What is Natural Language Processing?
As we briefly covered in our articles on Speech To Text and Text To Speech technology, Natural Language Processing (NLP) is when software is designed to understand and also replicate human language, with huge benefits to how we live and work.
From a technical perspective, NLP uses artificial intelligence (AI) to capture data either by recording human speech or scanning a document. It then converts this information to machine language and applies algorithms to extract the meaning associated with each sentence. It can interpret the unstructured data, draw insights from it and convert it into structured data.
Combining the fields of computer science and linguistics (among others), NLP can be incredibly complex, as the process of breaking human languages down into units that a computer can understand is far more challenging than we may realise. The software that can comprehend and then respond to human-input text has to be highly sophisticated, but the software that can successfully listen to speech and then respond aloud is even more so.
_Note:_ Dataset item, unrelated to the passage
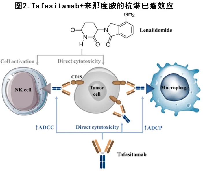 Tafasitamab 是一種 Fc 增強(qiáng)的人源化抗CD19單抗,在 B 細(xì)胞惡性腫瘤中表現(xiàn)出活性,并與來那度胺具有協(xié)同效應(yīng),來那度胺能夠增強(qiáng)自然殺傷細(xì)胞介導(dǎo)的、抗體依賴性的細(xì)胞毒(圖2)。II 期多中心單臂 L-MIND 研究(表2中的[56])在不適合移植的R/R DLBCL 中評(píng)估了tafasitamab + 來那度胺 (tafa + LEN) 聯(lián)合治療。該療程包括tafasitamab + 來那度胺最長12個(gè)月,隨后 tafasitamab 單藥治療直至疾病進(jìn)展。該方案非常高效,ORR為61% (CR 43%),中位緩解持續(xù)時(shí)間為21.7個(gè)月且毒性特征合理?;谠摻Y(jié)果,2020年tafasitamab聯(lián)合來那度胺獲得FDA和EMA加速批準(zhǔn)用于治療不適合移植的R/R DLBCL。

Our writing presents ample difficulties for a computer to tackle; some languages feature highly varied grammatical structures, while slang terms constantly cycle in and out of our vocabulary… Add in the need to recognise spelling errors, and you’ll get an idea of how much of a challenge developing text-based NLP software has been. The words we say aloud are also affected by the speed and accent of the speaker, and homophones add yet more complexity into the mix too; consider how “I”, “eye” and “aye” all sound the same.
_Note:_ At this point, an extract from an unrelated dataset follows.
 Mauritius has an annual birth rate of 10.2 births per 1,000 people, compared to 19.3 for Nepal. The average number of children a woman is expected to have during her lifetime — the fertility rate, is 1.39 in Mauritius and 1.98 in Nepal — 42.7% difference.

What can Natural Language Processing do?
NLP is a broad field, so its applications are hugely varied too. As well as dictation services and accessibility software, you’ll find NLP playing a role in online support services (including sites that pop up with a chatbot upon opening), voice assistants such as Alexa, Siri and the Google Assistant, along with autocorrect, predictive text, email spam filters and “related word” options in search engines.
Natural Language Processing in Healthcare
NLP’s potential in healthcare is especially exciting, as it is being used to create technology that will bring safety, accuracy and wellbeing to staff and patients alike. Applications include:
- Giving medical professionals access to key information hands-free through Text To Speech software
- Dictation services being used to take on the huge responsibility of medical notes
- Chatbot style tech can be used to triage patients at any stage deemed necessary
- NLP can identify key concepts or phrases in academic journals or clinical notes to summarise large quantities of data, ensuring health professionals have accurate and up-to-date information at hand
- Translating unstructured text into structured fields within electronic health records can improve clinical data integrity
- Predicting and identifying medical risks such as post-surgery complications, psychosis in schizophrenic patients, cancer and cirrhosis by processing and analysing patient records, medical history and clinical notes
Reduced wait times, more patient contact hours, improved medical outcomes and easier workloads can stem from the technology that Natural Language Processing is being used for… It’s sure to play a role in creating cohesive, effective and truly supportive experiences in the future of healthcare.